Analysis of differential gene expression between the flank skin (tumor) and the leg skin (non-tumor) in tumor-bearing individuals

To identify differentially expressed genes (DEGs), we compared gene expression between TT-body1-3 and TI-leg1-3 (Fig. 2c) with Trimmed Means of M values (TMM) method16. We identified 268 DEGs (DEG1; Supplementary Table 1) (FDR < 0.05) and visualized the gene expression differences using MA plot (Fig. 2d). DEG1 possibly includes DEGs due to region difference, flank or leg. To only detect differences in gene expression due to tumorigenesis, we decided to exclude the DEGs of NI-leg1-3 and NI-body1-3 from DEG1 (Fig. 2e). 9 genes were output as DEGs (DEG2; Fig. 2f, Supplementary Table 2). We thought of removing the common genes of both DEG1 and DEG2, which were considered region-independent genes, that is, tumor-specific genes (DEG3) (Fig. 2g) but, the number of common genes was zero. So, in this case, DEG1 was identical to DEG3 (Fig. 1g, Supplementary Table 1).

Gene Ontology (GO) enrichment analysis was performed using DEG3, referred to the human GO annotation file. Human orthologous genes were determined by the Reciprocal best BLAST Hit (RBH) using OrthoFinder17,18. The number of genes that DEG3 finally converted to human genes was 138 (113 upregulated genes and 25 downregulated genes in the tumor tissue; DEG4; Supplementary Table 3). These genes were then subjected to GO analysis. Upregulated DEG4 genes were enriched in GO terms related to extracellular matrix (ECM), collagen fibril organization and osteogenesis (Fig. 3a). The cancer-driving genes5 COL1A1, COL3A1, FAT4, and FKBP9, were commonly included in the DEGs with enriched GO terms. Although the number of downregulated DEG4 genes was small, GO analysis was performed. GO term of alpha-amino acid catabolic process and cellular amino acid catabolic process were enriched in the down regulated genes (Fig. 3b).

Figure 3
figure 3

GO analysis of up- or down-regulated genes of DEG4. GO analysis of upregulated genes (a) or downregulated genes (b). Bar plots represents number of genes involved in each term. Adjusted p-value was represented by color scale, and the statistically significance level decreased from red (higher significance) to blue (lower significance).
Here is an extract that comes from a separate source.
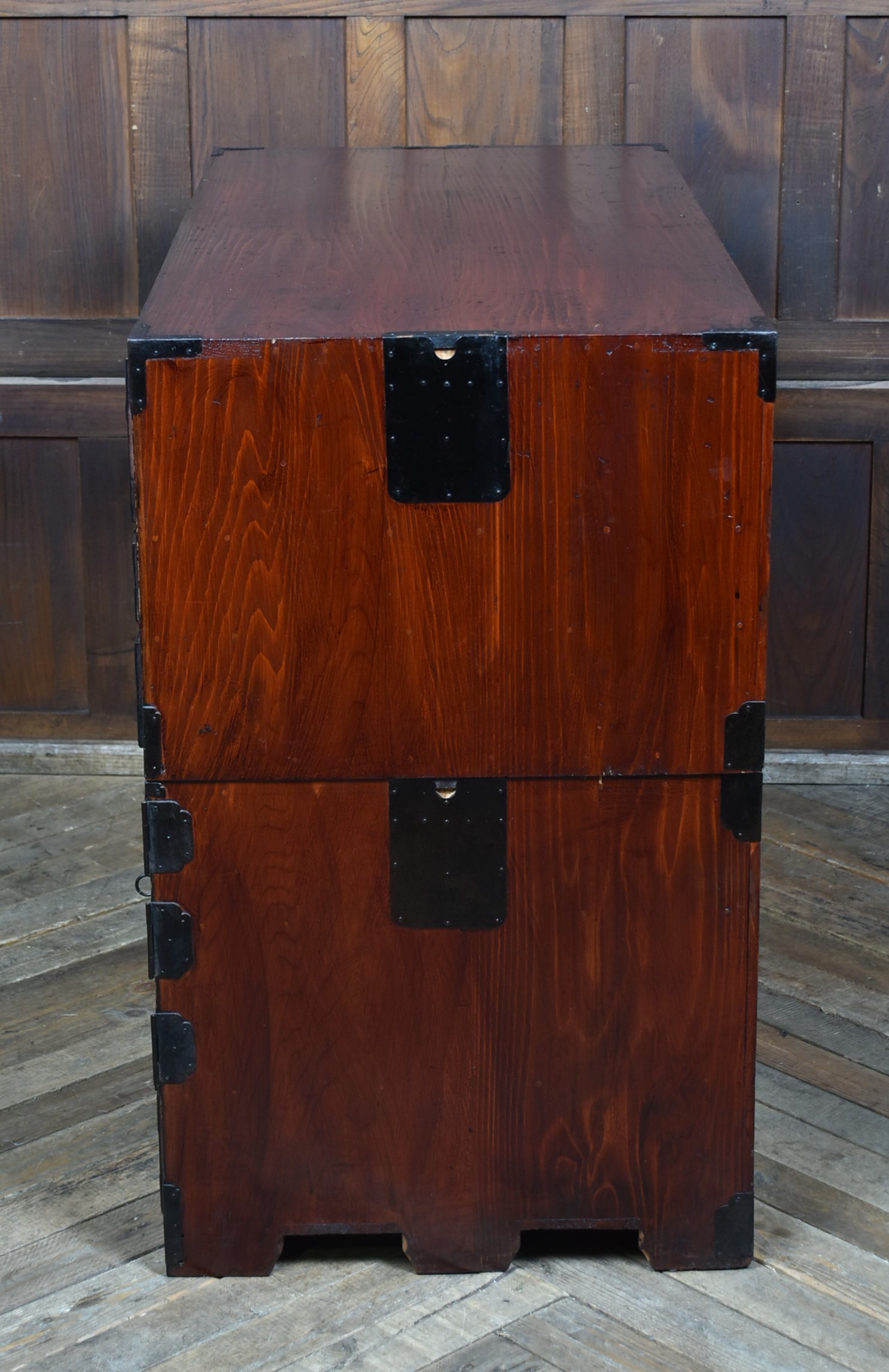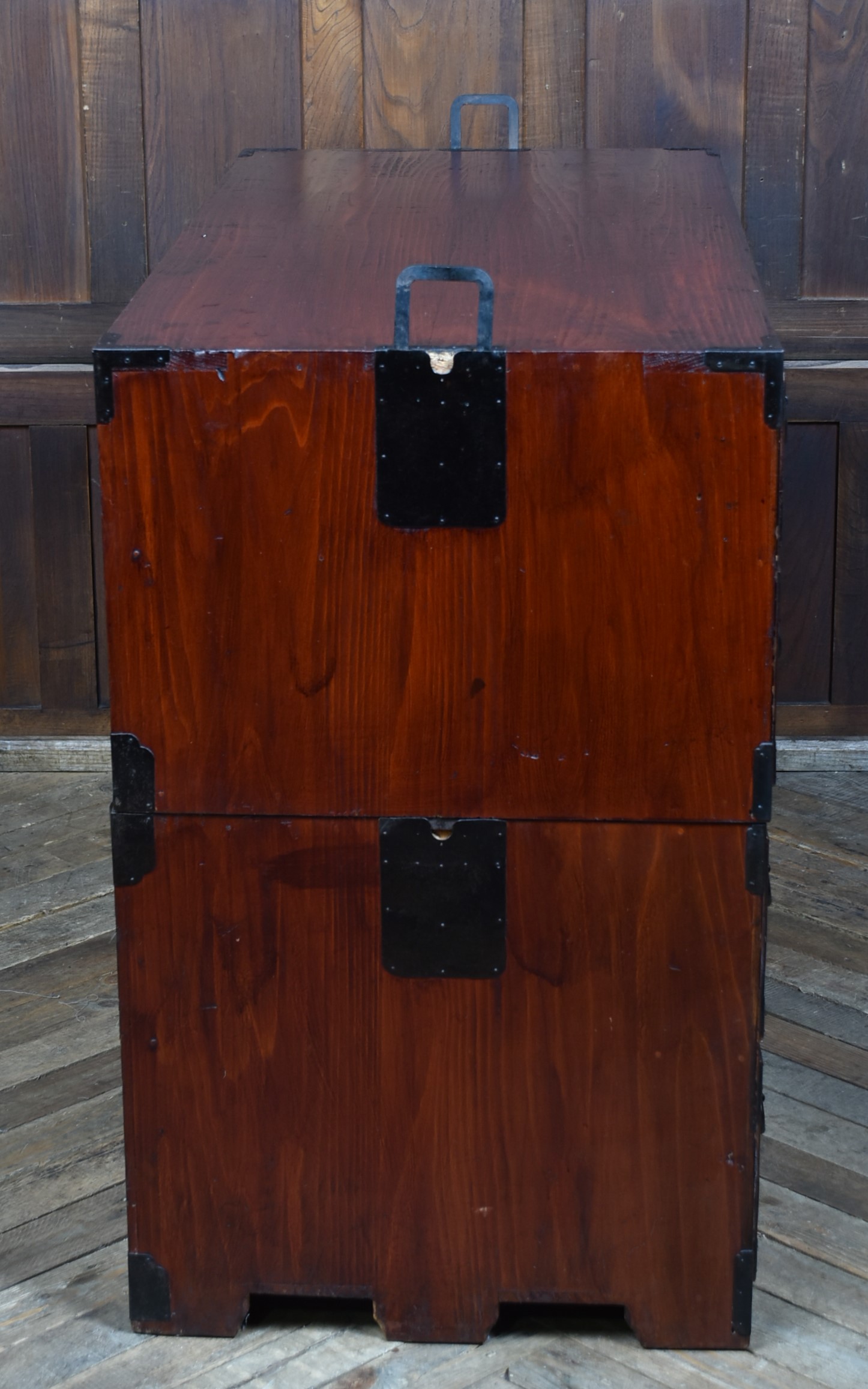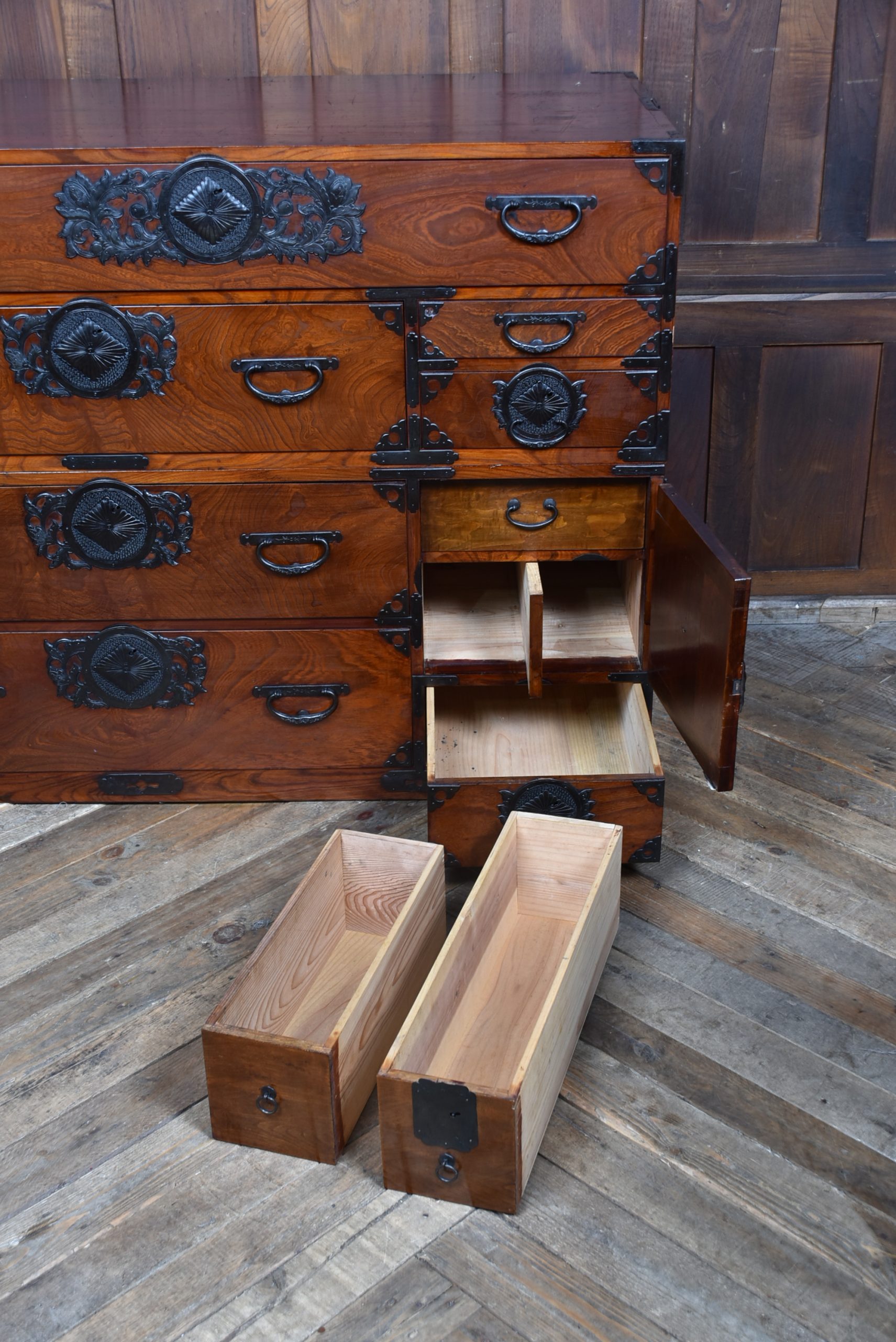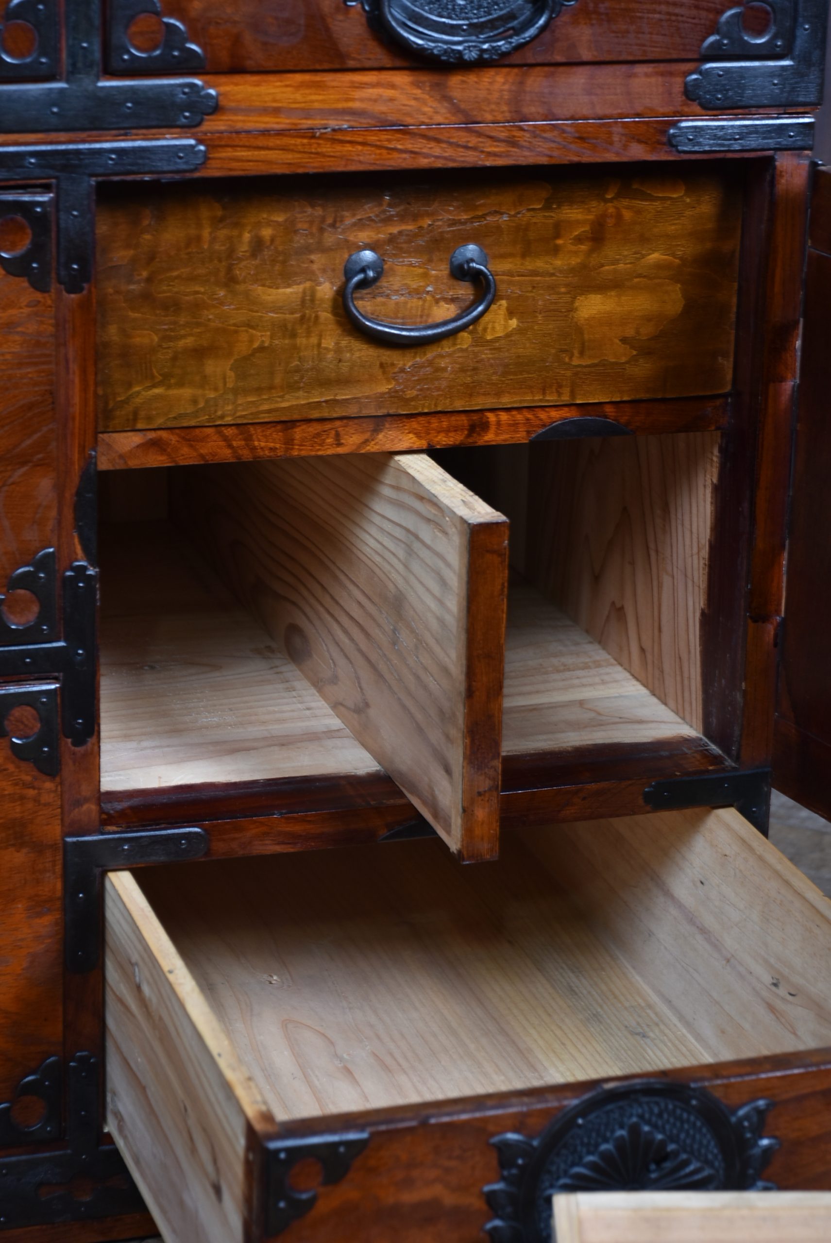 A fantastic Japanese Tansu chest in original condition, crafted from richly grained cedar and adorned with traditional iron hardware. This two-part chest features multiple drawers and compartments, each fitted with ornate black metal handles and decorative mounts showcasing circular and floral motifs. The ironwork is all original, with side-mounted carry handles—one set designed to flip up and secure the upper section to the base. Over years of use, the chest has acquired subtle imperfections that only enhance its character and authenticity. A fine example of Meiji-period craftsmanship, it offers both aesthetic appeal and practical storage, making it a striking addition to any interior.

In DEG3 (268 genes in total), there were lots of gene (130 genes) that were not converted to human genes by RBH. Of these, 79 genes remain unannotated in Xenopus genome database. We then examined their orthologs just by best blast hits (the gene that came up first by the BLAST search), not by “reciprocal” best blast hit (RBH). Out of 130 genes, 73 genes were identified. The remaining 57 genes were putative homologs of the 73 genes or did not have any hits with the BLAST search. GO analysis was performed with the 73 genes in addition to the 138 genes (DEG4). The results in upregulated genes showed that the top enriched GO terms were almost consistent with the analysis conducted using the 138 genes alone (Fig. S2b,c).

Analysis of differential gene expression of tumor tissue (flank skin) and the equivalent regions in no-tumor-bearing individuals

As mentioned above, because the negative control leg skin was derived from tumor-bearing individuals, gene expression may differ from that in no-tumor-bearing individuals, even though the leg skin did not have tumors. Therefore, we compared gene expression with NI-body1-3 as a negative control (Fig. 4a). 198 genes were identified as DEGs (DEG5; Fig. 4b, Supplementary Table 4). Because these genes might include gene expression differences that caused by innate mutation throughout the body of tumor-bearing individuals, we excluded DEGs of TI-leg1-3 and NI-leg1-3 (DEG6; Supplementary Table 5) from DEG5 (Fig. 4c) to identify tumor-specific genes. 14 genes were identified as DEG6 (Fig. 4d). 1 gene was common to both DEG5 and DEG6 (Supplementary Table 6). Thus, by excluding the 1 gene from DEG5, 197 genes were defined as DEG7 (Supplementary Table 7), which are tumor-specific genes (Fig. 4e).

Figure 4
figure 4

DEGs of TT-body1-3 vs NI-body1-3. (a,b) Schematic diagram of DEGs extraction (TT-body1-3 vs NI-body1-3) (a) and the MA plot (b). (c,d) Schematic diagram of DEGs extraction (TI-leg1-3 vs NI-leg1-3) (c) and the MA plot (d). Red (b) and pink (d) dots indicate DEGs with statistical significance (FDR < 0.05). (e) Venn diagram showing DEG7. DEG7 is DEG5—DEG5 ∩ DEG6.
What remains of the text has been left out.